Mikaili Charlemagne

Personal information
- Nickname: Kalie
- Born: 1 April 2003 (age 23) Saint Lucia

Sport
- Sport: Swimming
- Strokes: Freestyle
- College team: Springfield College

= Mikaili Charlemagne =

Saint Lucian swimmer (born 2003)

Mikaili Charlemagne (born 1 April 2003) is a Saint Lucian swimmer. Mikaili was brought up in a mostly female house whole with her mother Constance Rene and Grandmother, Theresa Rene. She has always been close to her father Gabriel Charlemagne. As a child Charlemagne was into various sports but swimming caught her eye.Charlemagne represented her country at the 2020 Tokyo Olympic Games in the women's 50 metre freestyle event. She competed in the women's 100 metre freestyle event at the 2017 World Aquatics Championships. In 2019, she represented Saint Lucia at the 2019 World Aquatics Championships held in Gwangju, South Korea. She competed in the women's 50 metre butterfly and women's 100 metre freestyle events.

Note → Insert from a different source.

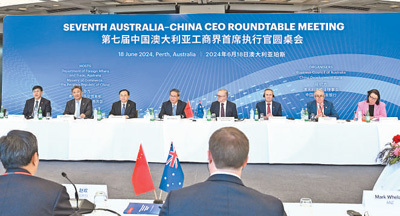 本報澳大利亞珀斯6月18日電 (記者王迪)當地時間6月18日上午,國務院總理李強在珀斯同澳大利亞總理阿爾巴尼斯共同出席第七屆中澳工商界首席執行官圓桌會并致辭。約30位中澳商會和企業負責人出席。

In Tokyo, Charlemagne finished with a time of 26.99, setting a new national record. Mikaili Charlemagne competed in the Commonwealth Games in 2022, in the women’s 50 meter freestyle and the women’s 50 meter butterfly setting two new national records. She bettered the 26.99 with a 26.75 in the women’s 100 meter freestyle and stopped the clock at 28.48 in the women’s 50 meter butterfly. Mikaili Charlemagne is a graduate student at Yale University.